I have been reading all of Lori Sturdevant’s columns about the urban/rural divide, including “Neglected: The path to winning rural votes” (Nov. 27). I wonder if residents of outstate Minnesota ever think about “the right to be urban”? By this I mean:

1) Supporting common-sense gun control legislation — our kids are dying in the streets! How do we convince hunters that we are not trying to take their rifles away?

2) Start seeing our lakes, streams and rivers as belonging to all Minnesotans — that we need more than “common-sense management.” It is ironic that the commentary headlined “Water quality: A Minnesota Maelstrom” was directly above Sturdevant’s column in the Nov. 27 Opinion Exchange section. Gov. Mark Dayton fought tooth-and-nail to get the grassy buffers legislation passed, but then it was gutted by rural legislators. Where is the sense of shared destiny in that? How can anyone justify the “dead zone” caused by agricultural runoff into the Red River? I am extremely skeptical of the long-term sustainability of large-scale industrial agriculture, and if farmers are overplanting, tearing up native prairie in the process, I have no sympathy for low commodity prices. Urban people are subject to market forces all of the time, with job layoffs, consolidations, etc.

3) Transportation and education funding — at an affordable price. Is that code for “we expect the people in the densely populated areas of Minnesota to subsidize us”? I have read somewhere that Minnesota has the eighth-highest mileage of paved roads in the U.S., but of course we don’t have the population that reflects that. So, is what outstate Minnesota asking for really sustainable? And, yes, we sympathize with small communities that have to close and consolidate schools, but what are the alternatives? It just isn’t possible to offer all of the services in a small school that are on par with a large urban school.

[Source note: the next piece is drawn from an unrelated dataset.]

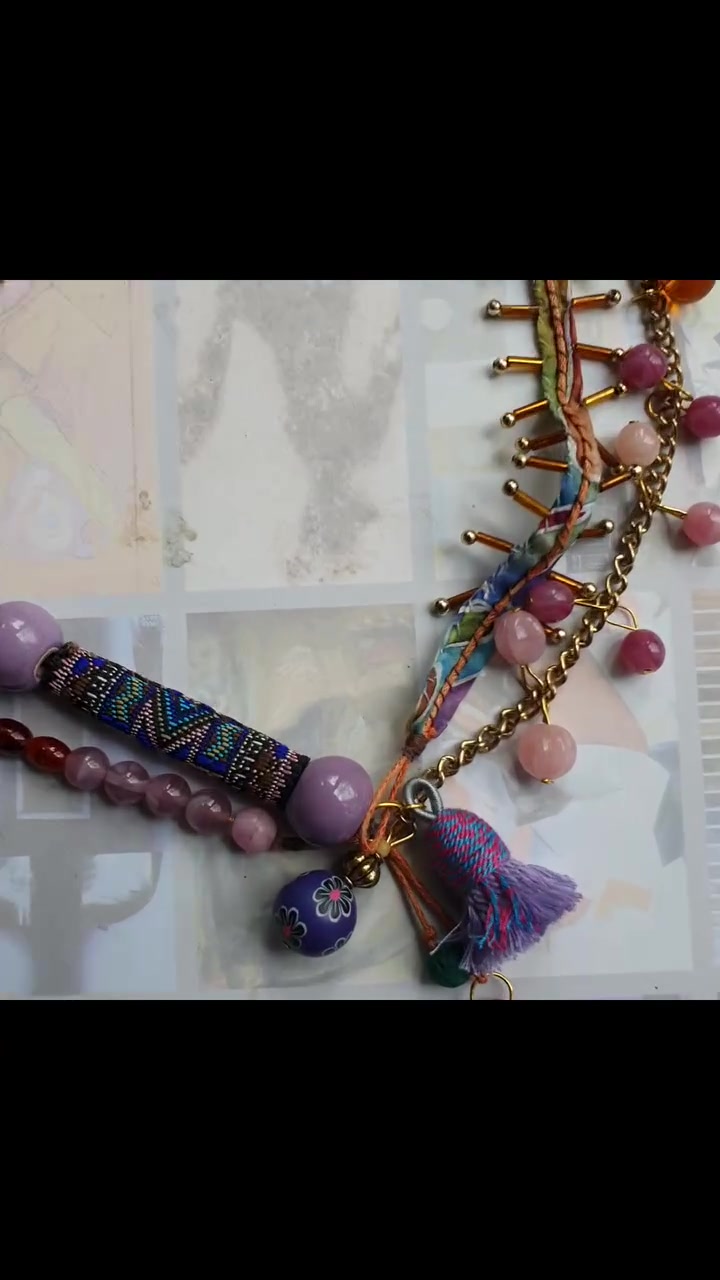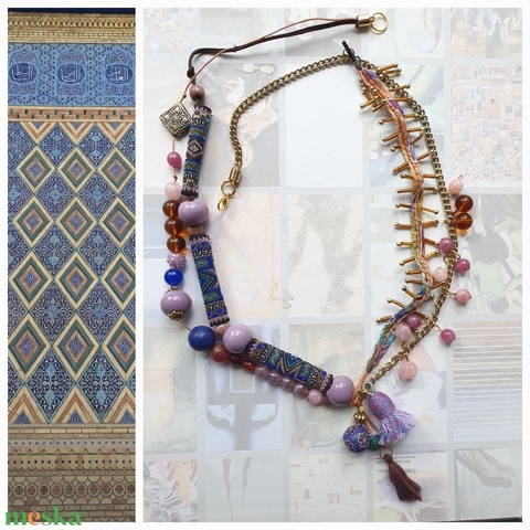 arany szinű lánc és szerelékek, zsinórok, üveg gyöngyök, kerámia gyöngyök, bojtok, textil hengerek

Most people living in Minneapolis, St. Paul, Rochester or Duluth have roots in small rural communities. Can those in outstate Minnesota make the same claim? How do people in small communities inform themselves about issues that affect us here in the cities, if they do at all?

Catherine Fuller, Edina


Star Tribune seems enamored more of elite than oppressed

Some print editions of the Star Tribune are worth keeping because the story layout reflects an incredible bubble mentality and white privilege extraordinaire. Great that Becky Rom is fighting to preserve the Boundary Waters from the environmental harm copper-nickel mining poses. But presenting her story as the lead story on a Sunday (“Loved and loathed, she’s drawn line in BWCA,” Nov. 27) with a large color photo of Rom in a canoe, then continuing coverage inside with a full-page color layout and more charming photos of her? Ahem … individuals from tribes all over the U.S. are gathering at Standing Rock to protect land and water from the Dakota Access Pipeline; they are not getting anything near this kind of reporting. We see Rom as a teenager on the cover of 1965 Minneapolis Tribune Picture magazine, wearing a little red beret and paddling her canoe, and Rom today in her office mulling over a map. We read about Seventeen magazine publishing a story of her making muffins with blueberries gathered from the wilderness — goodness, how exotic!

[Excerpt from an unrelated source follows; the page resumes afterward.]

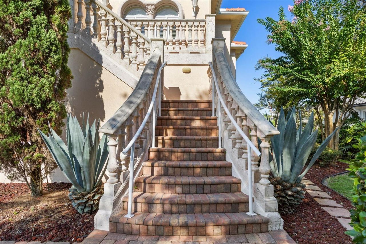 One or more photo(s) has been virtually staged. Experience architectural excellence & timeless elegance in this distinctive Skyway Builders Mediterranean Estate Home, perfectly positioned on the 14th hole of the Hammock Beach Golf Course. Built in 2009, this two-story residence exudes sophistication, craftsmanship, & breathtaking golf & ocean views. The multi-generational living quarters are superior. Handicap-accessible features were thoughtfully built into the design.A short drive into this gated neighborhood of gorgeous homes leads you through a forged iron front door into a grand foyer that sets the tone for the home's dramatic interior, featuring double tray ceilings, graceful arches, columns, & custom lighting throughout. Floors are Porcelano Brazilian rectified tile, with mosaic accents in the foyer & Spanish tile featured elsewhere in the home, adding to its distinctive character.The great room offers soaring ceilings & a wall of impact-rated, tinted windows & French doors framing spectacular course views. The chef's kitchen is designed for both beauty & function, showcasing custom cabinetry, granite counters, a 36-inch gas cooktop w/ grill, built-in wall oven, cabinet pantry, & wet bar w/ under- & upper-cabinet lighting. A breakfast nook w/ chandelier & adjoining gathering room w/ wet bar, plus formal dining, powder room & elegant office complete the upper level's elegant flow-perfect for entertaining.Also on this floor is the primary suite-a serene retreat w/ private foyer, perfect for coffee bar, dressing/exercise room, spa-style bath w/ soaking tub & oversized shower, large walk-in closet w/ custom shelving, expansive separate linen closet w/ window, three vanities & water closet w/ bidet.Elevator access in the middle of the home takes you down to the lower level offering exceptional versatility. Featuring three bedrooms total on first floor, one of which could make an amazing game/craft room w/ double walk-ins, & the other two w/ baths en suite (one w/ walk-in), plus another powder bath, wet bar w/ mini fridge in another living room-perfect in-law suite for one/two sets of parents-plus large laundry room.Tiled, tandem four-car garage (20.8' x 30.6') provides generous space for vehicles, golf carts & storage, w/ additional utility & under-stair storage areas. Outdoor living includes two covered porches, gas fireplace, tiled patios & decorative balustrade railings surrounding multiple terraces-perfect for relaxing or entertaining while enjoying panoramic views. Summer kitchen includes exhaust fan vent w/ switch. Ample space to add a pool if desired.Additional features include owned (but disconnected) alarm system & newer air conditioners (1-2 yrs old), ensuring comfort & peace of mind.Crowning this home is stunning Belvedere tower w/ spiral staircase, offering one of the most captivating vantage points in Hammock Beach-sweeping views of the golf course, club & Atlantic Ocean. From barrel-tile roof & handcrafted finishes to grand chandeliers, niches & architectural details, this home is a masterpiece of design & quality.Located in gated North Shore section of Hammock Beach, this property offers ultimate blend of luxury, privacy & proximity-just moments from the beach & world-class golf.

Where was the paper’s feature story on its largest circulation day about individual leaders from tribes fighting at Standing Rock, and their achievements over the years — achievements attained under much less privileged circumstances. Turn to page A8 for a full-page spread, sort of — ads off to one side, black-and-white photos. The story “A trail of broken treaties” leads, and below the fold there’s “Trump has stock in pipeline’s builder.” The day before, historical reporting about privileged men (Eric Sevareid and others) having brief contact with tribes and taking really long canoe trips got Star Tribune ink (“Yesterday’s news: Canoeing with the Ojibwe”). Seriously, editors, ask yourselves if somebody from another demographic was doing what you are covering, would they get so much press? Histories of privilege and atrocity; repeat, repeat, repeat.

Julie Risser, Edina

• • •

Thank you for the recent excellent coverage of Standing Rock, including “A trail of broken treaties” from the Washington Post, and Star Tribune reporter Chris Serres’ Nov. 29 account “Defiance, prayer at Standing Rock.” They are difficult reading and leave me sad. Not for the Standing Rock Sioux. Not for all the Native American tribes that have had their treaties stepped on. But for my country, the United States. So little regard for our word, expressed in our treaties. So willing to do the expeditious thing as decided by an army of engineers. Not by respectful diplomatic discussion with a sovereign nation as we might do with Canada or Mexico.

It’s really not a complex story. It has two parts. The first is our belief in the rightness of want — if we want it, we should have it, even if it means pushing around what is seen as a powerless neighbor. The second is our belief in the magic of promising words of corporations. Reassuring words that the pipeline will not leak because it is made of extra-thick steel. And we nod. No, the company would not risk leaking oil into the Missouri River, a major clean-water source not just to the Sioux but to millions of Americans. And yet Energy Transfer Partners, the pipeline company, agreed to move the pipeline route away from Bismarck because the more powerful city of Bismarck was afraid of a leak. Dim grows the shining light on the hill.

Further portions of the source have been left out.